Typical characteristics

classic workspace
Unity Catalog enabled
S3 or ADLS used heavily
external locations and customer-owned storage patterns

Pros

more control
easier alignment with existing cloud architecture
fits established enterprise landing zones

Cons

more setup complexity
more operations burden
slower onboarding for new teams

Pattern C: Hybrid organization

What it means

The organization uses both:

serverless for many interactive workloads
classic compute for special workloads
customer cloud storage for durable enterprise data

Good for

most medium and large organizations
teams adopting gradually
mixed analytics and engineering workloads

Pros

balance of simplicity and control
practical migration path
good for phased modernization

Cons

governance and FinOps must be clear
architecture becomes more complex if standards are weak

Part 13: A very practical “who does what” view

Account admin

Usually responsible for:

creating workspaces
creating or assigning metastores
enabling Unity Catalog
setting broad governance patterns

Workspace admin

Usually responsible for:

workspace-level permissions
compute access and policies
serverless usage policies
user onboarding inside the workspace

Data platform team

Usually responsible for:

storage design
external locations
catalog strategy
naming conventions
security and permissions

Data users

Usually responsible for:

creating notebooks
running queries
using approved catalogs/schemas
building dashboards and pipelines

Part 14: What gets shared across workspaces

This is a very important reason Unity Catalog exists.

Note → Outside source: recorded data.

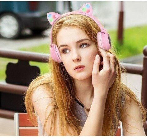Беспроводные наушники светящиеся Hoco W27 CAT ear, розовые, c tf card и блютуз 5.0 оригинальные
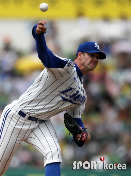 25일 오후 대구 시민구장에서 열린 ‘2014프로야구’ 삼성 라이온즈와 넥센 히어로즈의 경기에서 삼성 밴덴헐크가 투구하고 있다. 밴덴헐크는 올 시즌 6경기에 등판 4승 1패와 평균자책점 3.00을 기록하고 있다.
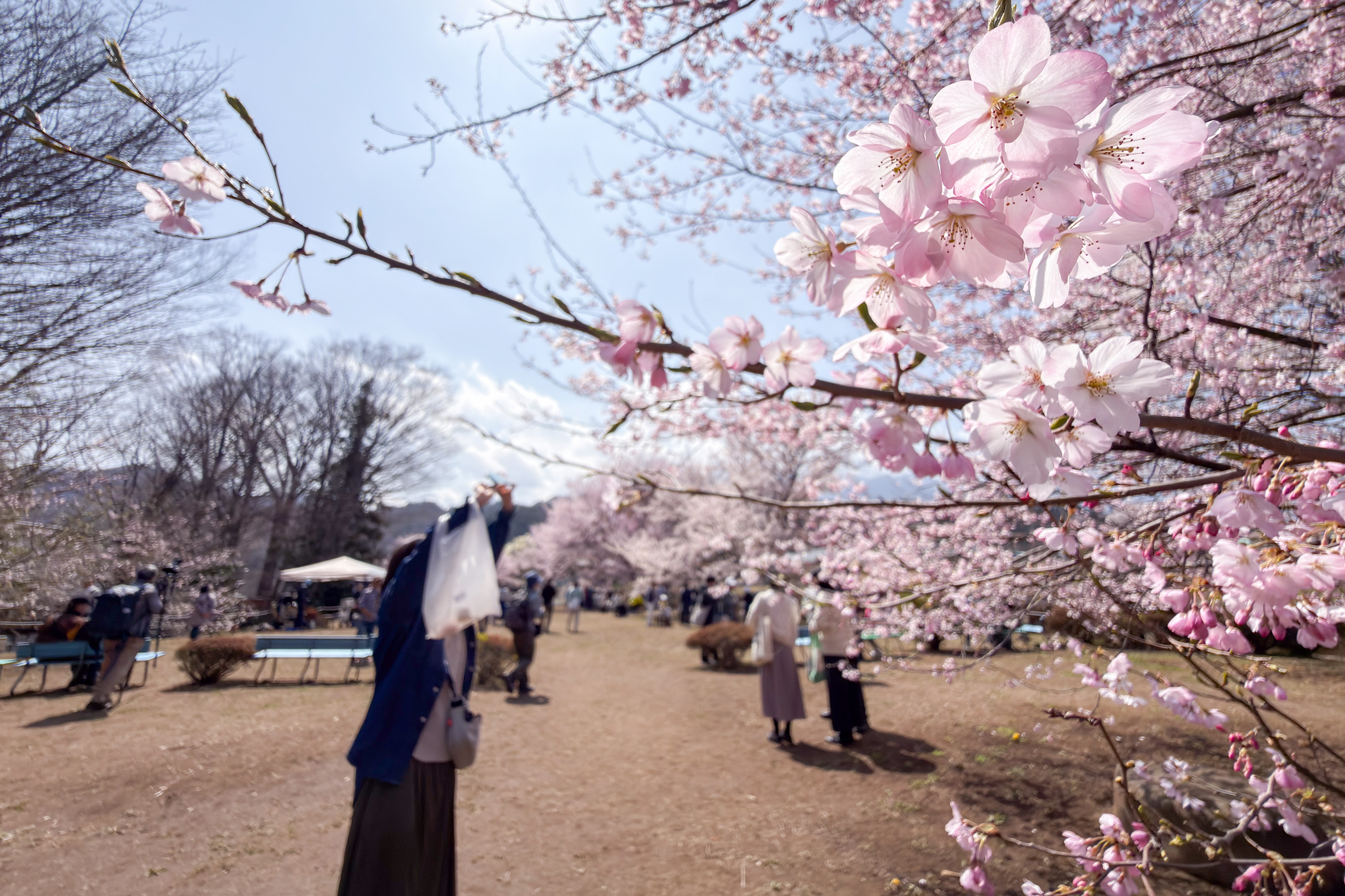 神代桜が有名とは言え、東京の上野公園のように人とのすれ違いが大変なほど窮屈にならずに済むのが地方のお花見。他は知りませんが、長野や山梨のお花見といったら本当に花を見ますが、東京のお花見はどちらかというと宴会を楽しむイメージですよね。アルコールを飲まない私的には前者の方が好みでして。

If multiple workspaces use the same metastore

Then they can share the same:

catalogs
schemas
tables
volumes
permissions model

This means you might have:

Dev workspace
Test workspace
Prod workspace

all attached to the same metastore, or to separate metastores depending on your governance design.

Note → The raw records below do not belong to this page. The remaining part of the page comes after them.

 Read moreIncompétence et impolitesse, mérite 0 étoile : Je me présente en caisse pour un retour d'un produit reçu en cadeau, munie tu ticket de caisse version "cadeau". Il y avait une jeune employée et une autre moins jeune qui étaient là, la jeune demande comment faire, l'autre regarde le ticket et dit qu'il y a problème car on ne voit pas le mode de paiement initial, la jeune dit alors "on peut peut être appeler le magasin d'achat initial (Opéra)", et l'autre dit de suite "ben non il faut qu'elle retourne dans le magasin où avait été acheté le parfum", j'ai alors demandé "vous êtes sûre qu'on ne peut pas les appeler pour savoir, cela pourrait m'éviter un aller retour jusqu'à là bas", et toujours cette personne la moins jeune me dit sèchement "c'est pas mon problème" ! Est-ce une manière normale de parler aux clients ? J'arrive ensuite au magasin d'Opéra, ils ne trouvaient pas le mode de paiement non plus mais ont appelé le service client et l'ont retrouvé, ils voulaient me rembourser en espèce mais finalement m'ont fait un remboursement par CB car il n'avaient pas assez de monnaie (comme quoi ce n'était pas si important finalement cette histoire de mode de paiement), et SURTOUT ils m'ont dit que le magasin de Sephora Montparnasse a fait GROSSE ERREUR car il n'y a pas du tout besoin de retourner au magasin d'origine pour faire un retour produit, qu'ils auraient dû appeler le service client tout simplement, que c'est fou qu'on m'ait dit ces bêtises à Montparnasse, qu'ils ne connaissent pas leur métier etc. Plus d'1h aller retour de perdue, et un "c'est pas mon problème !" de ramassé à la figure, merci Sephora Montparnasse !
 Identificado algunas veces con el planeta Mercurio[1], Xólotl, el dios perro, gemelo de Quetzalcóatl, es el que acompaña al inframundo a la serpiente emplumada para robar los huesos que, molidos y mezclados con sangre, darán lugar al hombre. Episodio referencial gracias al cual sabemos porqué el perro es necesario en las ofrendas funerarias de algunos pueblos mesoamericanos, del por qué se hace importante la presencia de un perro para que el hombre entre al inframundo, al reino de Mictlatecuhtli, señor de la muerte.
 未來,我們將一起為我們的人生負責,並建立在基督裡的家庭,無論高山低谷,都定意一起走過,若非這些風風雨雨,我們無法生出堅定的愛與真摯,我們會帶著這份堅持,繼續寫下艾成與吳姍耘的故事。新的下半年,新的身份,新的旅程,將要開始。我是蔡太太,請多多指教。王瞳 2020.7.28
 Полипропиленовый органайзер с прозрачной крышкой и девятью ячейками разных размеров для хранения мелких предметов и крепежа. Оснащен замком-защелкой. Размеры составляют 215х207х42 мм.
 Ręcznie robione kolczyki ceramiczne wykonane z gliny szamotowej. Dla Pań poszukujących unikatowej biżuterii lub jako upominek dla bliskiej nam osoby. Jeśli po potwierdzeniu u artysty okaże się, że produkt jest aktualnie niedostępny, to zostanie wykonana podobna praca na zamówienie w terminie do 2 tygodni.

Diagram: multiple workspaces sharing one metastore

flowchart TD
    W1[Dev Workspace] --> M[Regional Metastore]
    W2[Test Workspace] --> M
    W3[Prod Workspace] --> M

    M --> CAT1[Catalog: finance]
    M --> CAT2[Catalog: sales]
    M --> CAT3[Catalog: sandbox]

When to share one metastore

Use one metastore across multiple workspaces when:

they are in the same region
you want shared governance
teams need a common namespace
access control can be handled through permissions

When separate metastores may make sense

Use separate metastores when:

regions differ
legal or residency requirements differ
business units require stronger separation
platform governance intentionally isolates environments

Part 15: Where to create what in real life

Workspace creation checklist

Create a workspace when:

a new team needs its own working environment
you want separate admin boundaries
you want separate dev/test/prod environments
you need a new regional deployment

Metastore creation checklist

Create a metastore when:

a region does not yet have one
you intentionally need a separate governance root
legal or organization boundaries require isolation

Do not create a new metastore just because:

a new analyst joined
a new notebook is created
a new project starts
a new schema is needed

Catalog creation checklist

Create a catalog when:

you need a major logical data domain
you want department-level ownership
you need separate storage or governance boundaries

Examples:

finance
sales
marketing
sandbox

Schema creation checklist

Create a schema when:

you want a sub-domain inside a catalog
you want lifecycle stages like raw/staging/analytics
you want a team-specific area under a catalog

Table creation checklist

Create a table when:

you have actual structured data to manage and query

Part 16: Where the data is stored in serverless versus classic setups

Serverless-first example

flowchart LR
    U[User] --> W[Serverless Workspace]
    W --> SN[Serverless Notebook Compute]
    W --> M[Metastore]
    M --> C[Default Catalog]
    C --> T[Managed Table]
    T --> DS[Databricks Default Storage or Customer Cloud Storage]

Typical behavior

workspace is serverless
compute is Databricks-managed
default catalog may use default storage
additional catalogs may use customer cloud storage

Classic AWS example

flowchart LR
    U[User] --> W[Classic Workspace]
    W --> CL[Classic Compute in AWS Account]
    W --> M[Metastore]
    M --> C[Catalog]
    C --> T[Managed or External Table]
    T --> S3[S3 in Customer AWS Account]

Typical behavior

workspace exists in Databricks environment
classic compute runs in customer AWS account
data commonly lives in S3
metastore governs access to that data

Azure example

flowchart LR
    U[User] --> W[Azure Databricks Workspace]
    W --> CL[Classic or Serverless Compute]
    W --> M[Metastore]
    M --> C[Catalog]
    C --> T[Managed or External Table]
    T --> ADLS[Azure Data Lake Storage]

Part 17: Common misunderstandings and the correct version

Misunderstanding 1

“Workspace stores everything, so why do I need metastore?”

Correct version

Workspace stores the working environment and some workspace assets.
Unity Catalog metastore governs the enterprise data namespace and permissions.

Misunderstanding 2

“If I create a workspace, a separate metastore must be created for it.”

Correct version

Not always.
A workspace is often assigned to an existing regional metastore.

Misunderstanding 3

“If I use serverless, then Unity Catalog is not needed.”

Correct version

Serverless is a compute model.
Unity Catalog is the governance model.
They solve different problems.

Misunderstanding 4

“Metastore contains all actual data files.”

Correct version

Metastore contains metadata and governance.
Actual data files live in object storage.

Misunderstanding 5

“If I name a usage policy 5usd, Databricks will stop at 5 USD.”

Correct version

A serverless usage policy is mainly for attribution and tagging, not an automatic hard budget cap by default.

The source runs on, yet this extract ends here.